Old Navy Will Temporarily Halt Price Increases on Kids’ Apparel as Inflation Hits Parents’ Wallets

Old Navy is lending parents a helping hand with their back-to-school shopping. The retail chain has announced a commitment to temporarily lock prices on select apparel, to help minimize the impact that families are experiencing from inflation.

Prices on consumer goods continue to increase in the U.S., rising 8.5% in March compared with a year ago. That was the highest 12-month spike since December 1981, according to the Bureau of Labor Statistics.

The biggest contributors to the increases have been gasoline, food and home prices, but essential fashion items have been impacted as well. BLS reported that prices for apparel rose 6.8% in March year-over-year, and the Footwear Distributors & Retailers of America found that footwear increased 6.6% during that period as well.

Old Navy said that as part of its new “Price ON-Lock” initiative, it will not raise prices on its everyday kids’ fashion essentials, which includes boys’ and girls’ apparel labeled “Everyday Magic” in stores and on OldNavy.com. The price lock will extend through September and the back-to-school shopping season.

“Old Navy understands the financial pressures facing its customers and wants to ensure parents can outfit their kids for the new school year without additional budgetary concerns,” the company said in a statement.

Old Navy girls leggings
Old Navy girls’ leggings from its everyday essentials collection.
CREDIT: Courtesy of Old Navy

Back-to-school shopping has become an increasingly larger expense for families. In 2021, KPMG estimated that the average spend per student was $268, up from $247 in 2020, led by growth in key retail categories such as footwear, apparel and school supplies.

Several factors contributed to the rise in spending in 2021, including pent-up demand and inflation.

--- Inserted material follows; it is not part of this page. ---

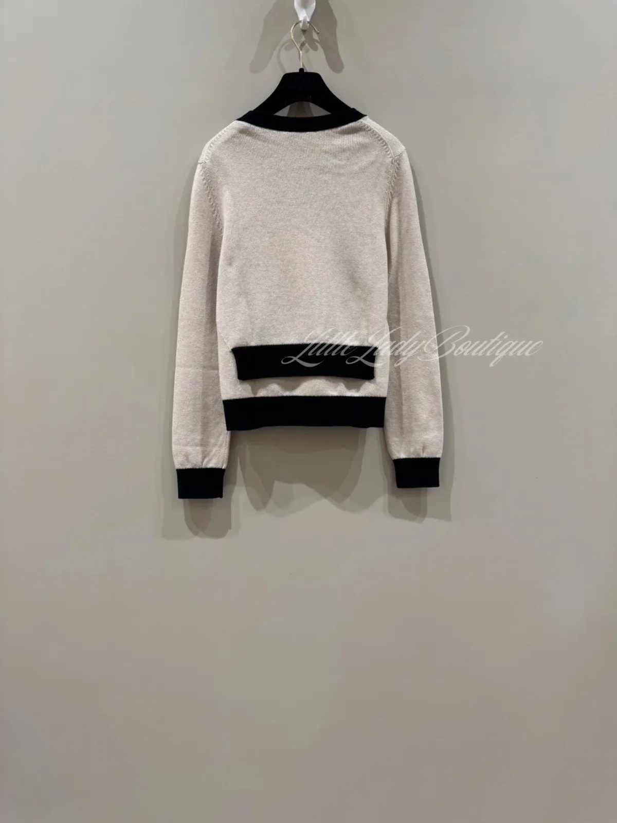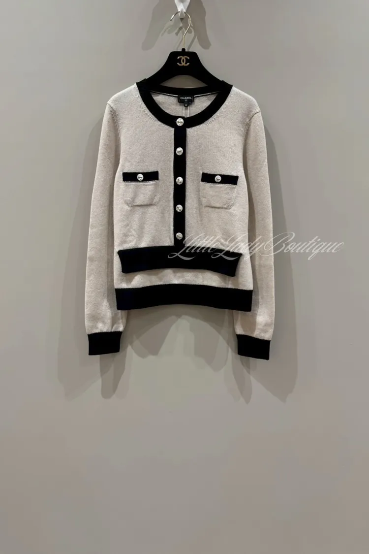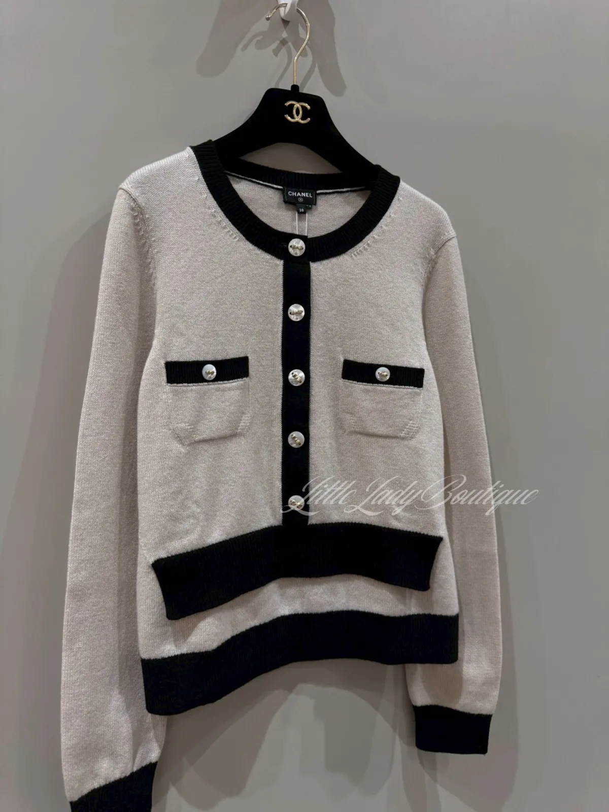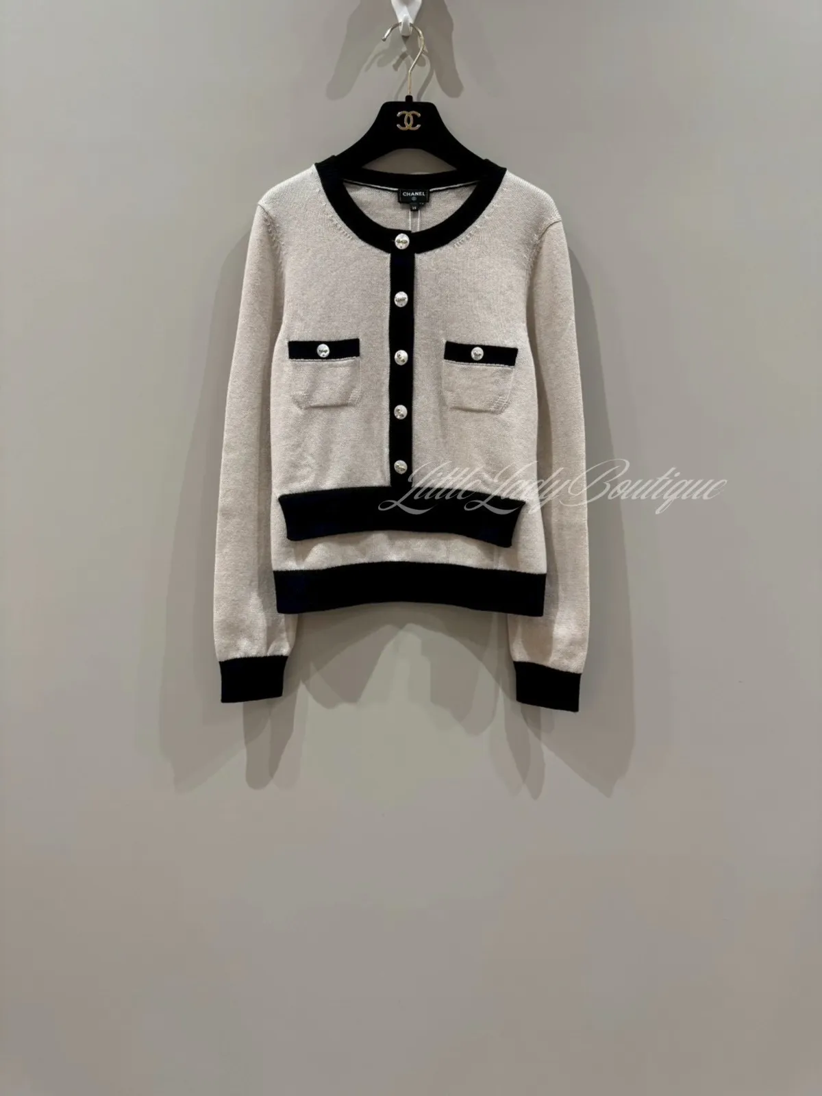 CHANEL 女士 燕麥米底 黑邊 珍珠母貝蝴蝶結鈕釦 胸前雙口袋 排釦針織上衣(98%C

Additionally, families had the benefit of the monthly Child Tax Credit checks, which the Biden Administration began sending to families in July. “In my opinion, there is no doubt that the Child Tax Credit checks and a meaningful growth in wages contributed to strong sales [for back-to-school],” wrote Matt Powell, senior sports industry adviser for The NPD Group, in a report last fall.

However, those monthly federal payments ended in December, so families will not have that financial boon this year as they stock up for the school season.